59 Si on lit entre les lignes, on comprend que c’est aussi par une « maison de passe » que Duvivier et les spectateurs de son film ont finalement eu accès à une terrasse et au monde des femmes de la Casbah, très réticentes à y autoriser un regard masculin, et encore moins son enregistrement. Est-ce la même Zoubida qu’évoque Lucienne Favre ? « La propriétaire de cette maison, de cette terrasse merveilleuse est une musulmane qui a refusé récemment de l’Agence Cook une rétribution importante. Il s’agissait de permettre aux hordes de touristes […] de venir contempler ici cette survivance de l’Orient. » (1933 : 260) Une autre forme de résistance passive précoce est rapportée par Eugène Fromentin :

« pour se défendre contre les indiscrétions qui les blessent », les Maures ont d’abord

« élev[é] les parapets de leurs terrasses », puis se sont « réfugiés sur la galerie intérieure de leurs domiciles violés » où ils sont « poursuivi[s par] des regards inquisiteurs », au point d’être « maintenant condamnés à vivre dans les chambres sombres qui s’ouvrent au niveau des cours » (1859 : 40).

60 L’érotisation des terrasses de la Casbah permet de mettre en évidence : 1) le droit de regard, très ancré dans l’idéologie et la violence coloniale (Fanon, 1959), qui fonde la consommation touristique de la Casbah et de ses femmes ; 2) le viol symbolique14 que

représente l’intrusion des touristes dans cet espace privé et féminin ; et 3) les diverses formes de résistances qui peuvent lui être opposées.
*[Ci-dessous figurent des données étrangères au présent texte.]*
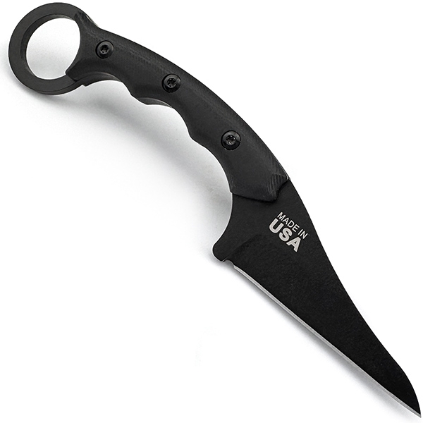 Poker - це невеликий і навіть витончений фултанг фіксед від компанії TOPS, легко упізнаваний завдяки керамбітному кільцю. Попри свої скромні розміри, ніж доволі легко лягає в руку завдяки вигнутій формі руків'я та глибокому чойлу, що виконує роль упору для короткого клинка у практичному профілі Wharncliffe. Репліка отримала накладки з G10 (в оригіналі мікарта) та зручні горизонтальні фіхви з кайдексу з ккріпленням на пояс. Залиште замовлення на сайті, щоб купити репліку ножа TOPS Knives Poker.

Les Bas-Fonds d’Alger n’ont en revanche pas grand-chose à voir avec le contexte colonial. Ce lieu, sans doute unique à Alger mais dont on trouve des équivalents ailleurs, constitue une attraction touristique jouant sur les registres du burlesque et de l’obscène propres à la culture occidentale. Il atteste que l’érotisation touristique peut aussi bien procéder d’une logique hors-sol, fondée sur une performance de l’entre-soi, qui ne concerne ni n’implique les habitant et les habitantes des lieux.